Actually the framers, of course, wrote in the First Amendment that the government "shall make no law respecting an establishment of religion." In other words, they were protecting our rights from religion.

"Right," said Carrera when I brought this up. "No religion of the United States. That does not mean that you throw out all religion."

I asked him why he wanted to impose his religious views on the country. 

"It's been there since the 1700s, and it's only recently that people are coming out against it," Carrera answered. "People who are atheists are coming out against it: 'I'll take the Ten Commandments off the wall just to piss them off.' They are trying to take the Ten Commandments off the wall instead of trying to clean up the street of pedophiles and other things they should be doing. They are so focused on taking God out of the public square, and the thing is that religion has been part of America for 200 to 300 years, and now it's being wiped away. And you see this in the leftist nations that are being socialized... Russia, Venezuela.
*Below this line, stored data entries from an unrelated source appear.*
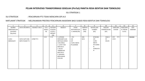 PELAN INTERVENSI TRANSFORMASI SEKOLAH (PInTaS) PANITIA REKA BENTUK DAN TEKNOLOGI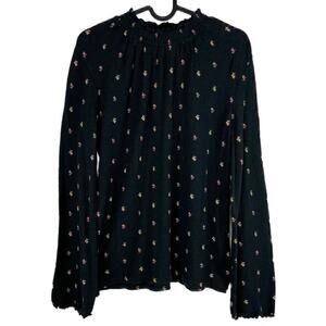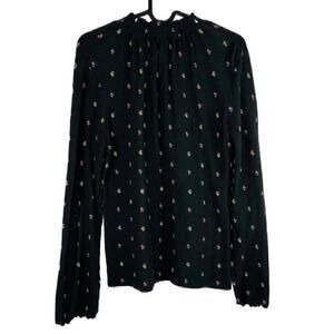 Madewell Jaquard Black Mockneck Rainbow Floral Print Retro Top Size Medium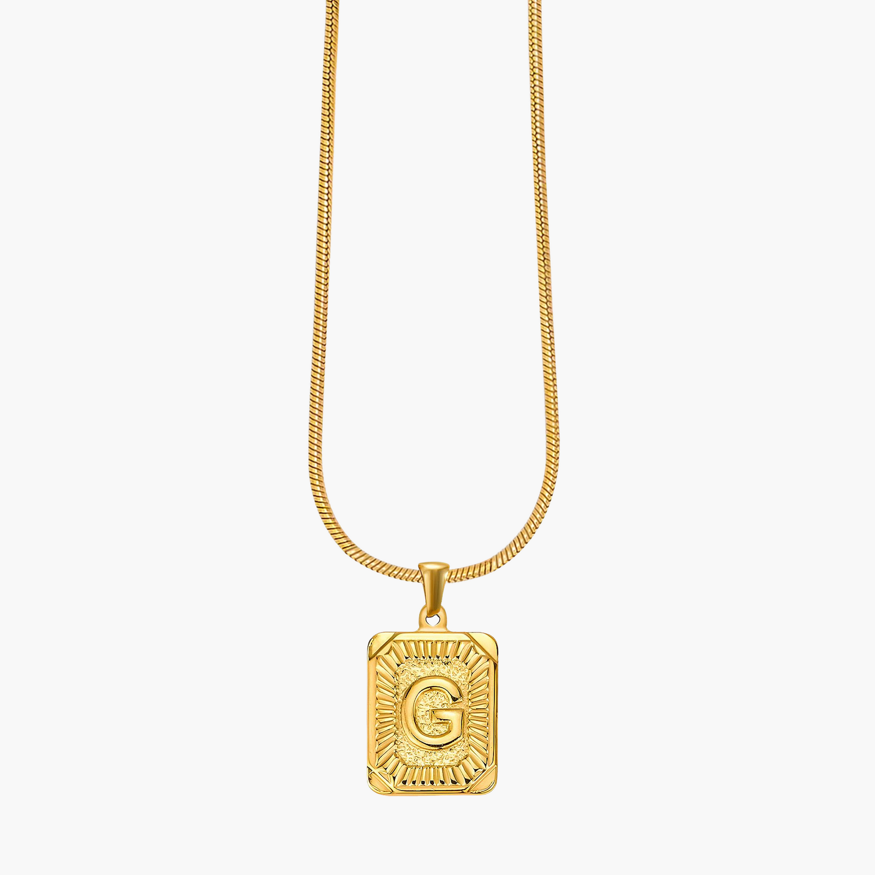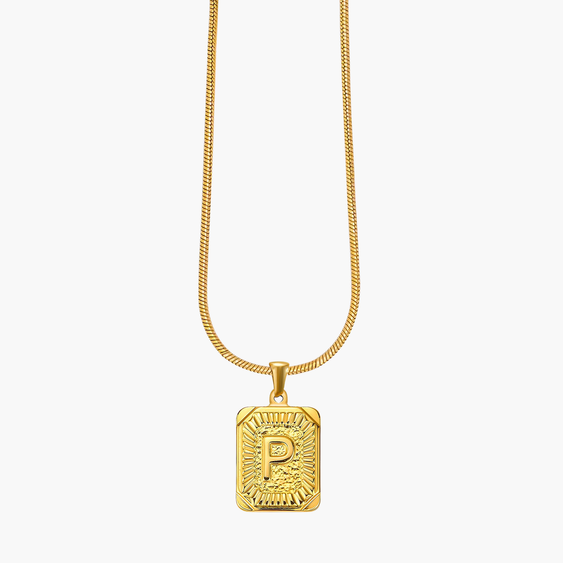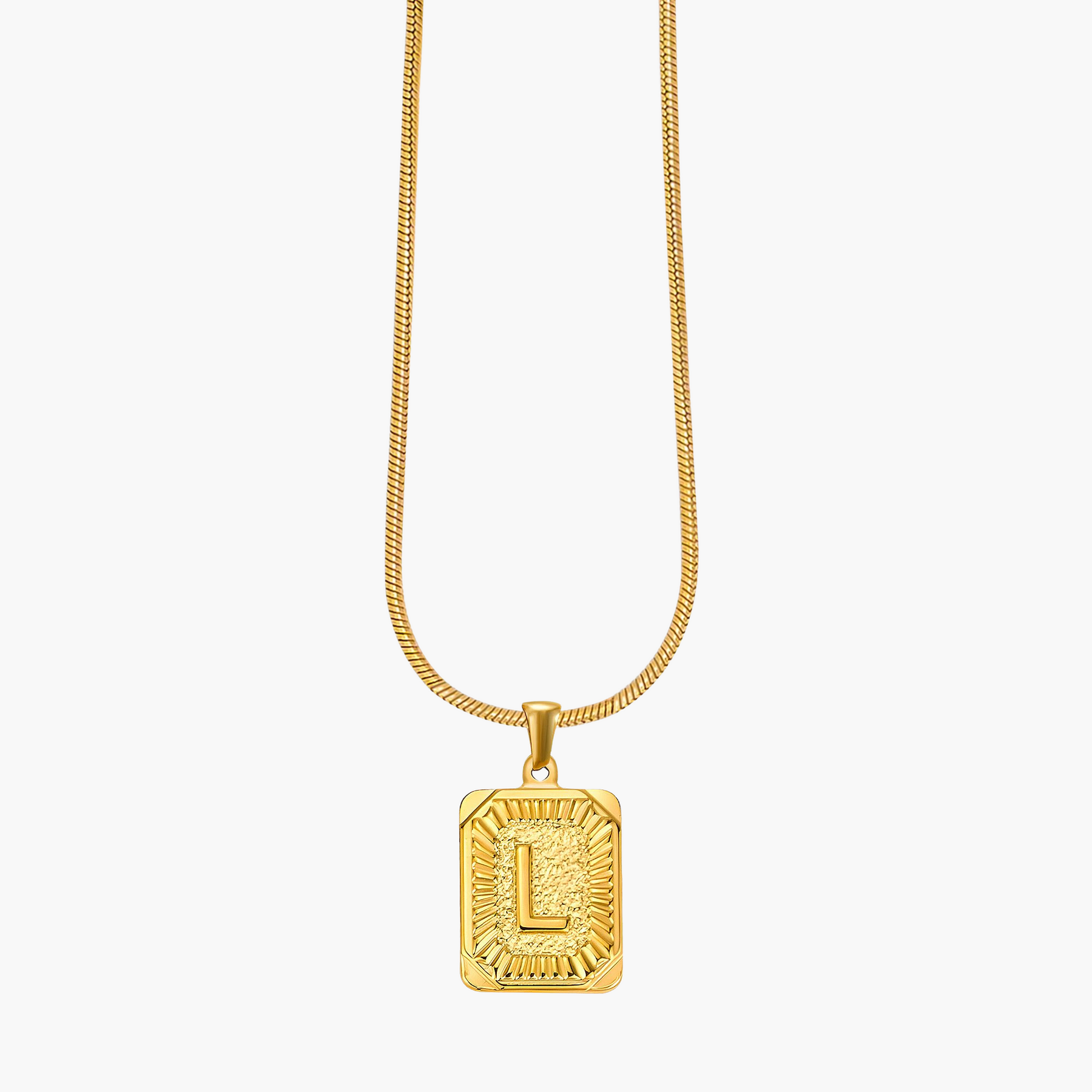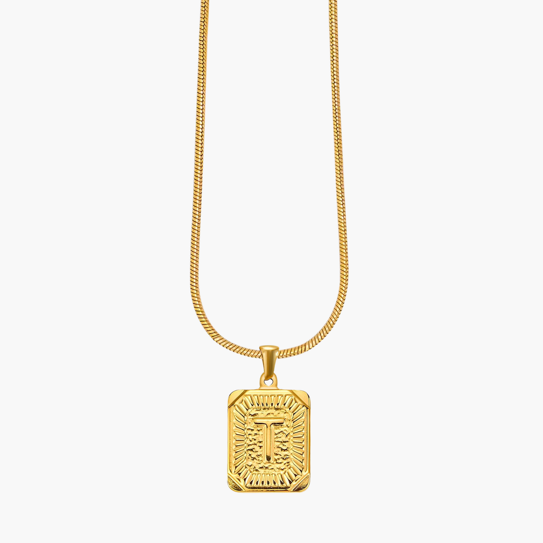 Illuminate your look with the Golden Glow Initial Charm Necklace, a timeless piece designed to add a personal touch to your style. Crafted from radiant gold-tone metal, this elegant pendant features a bold initial framed by intricate sunburst detailing, symbolizing warmth, strength, and individuality.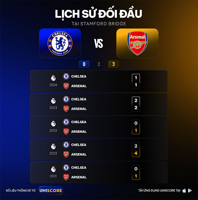 Chelsea có thành tích sân nhà ấn tượng, chỉ thua 2 trong 16 trận Premier League gần nhất. Ở các trận derby London tại Stamford Bridge, họ cũng thường chơi tốt với 8 chiến thắng và 3 trận hòa trong 12 trận gần đây. Tuy nhiên, Arsenal mới là đội chiếm ưu thế đối đầu. Chelsea đã không thắng Arsenal tại Stamford Bridge suốt 6 trận EPL liên tiếp (3 hòa, 3 thua) và chỉ có 1 chiến thắng trong 11 lần chạm trán gần nhất. Arteta cũng chưa từng thua tại đây kể từ khi dẫn dắt Arsenal. Arsenal đồng thời thể hiện phong độ sân khách xuất sắc, chỉ thua 1 trong 20 trận gần nhất, và hiếm khi sảy chân sau các trận đấu cúp châu Âu.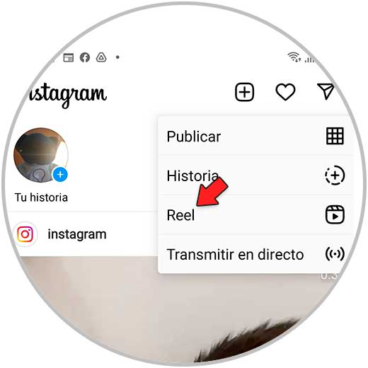 Lo primero que debes hacer es entrar en Instagram y seleccionar que quieres subir un vídeo en Reels.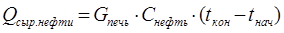 G печь – расход нефти через печь кг/час; Снефть – теплоемкость нефти кг/Дж×К; ( t кон – t нач ) – разность между начальной и конечной температурами нефти.

The first thing you do is take God out; then you strip the people from their guns."

Carrera then defined what he sees as "reality."

"There are other creatures up in heaven, and they are looking at us, and they are like shaking their heads: 'What's going on down there?'" he said. "That's reality. This is not reality. Look around. What somebody farted and the world came into effect? No. Look around and you see the glory of God. Jesus and everything in the Bible is true, compared to Darwinism."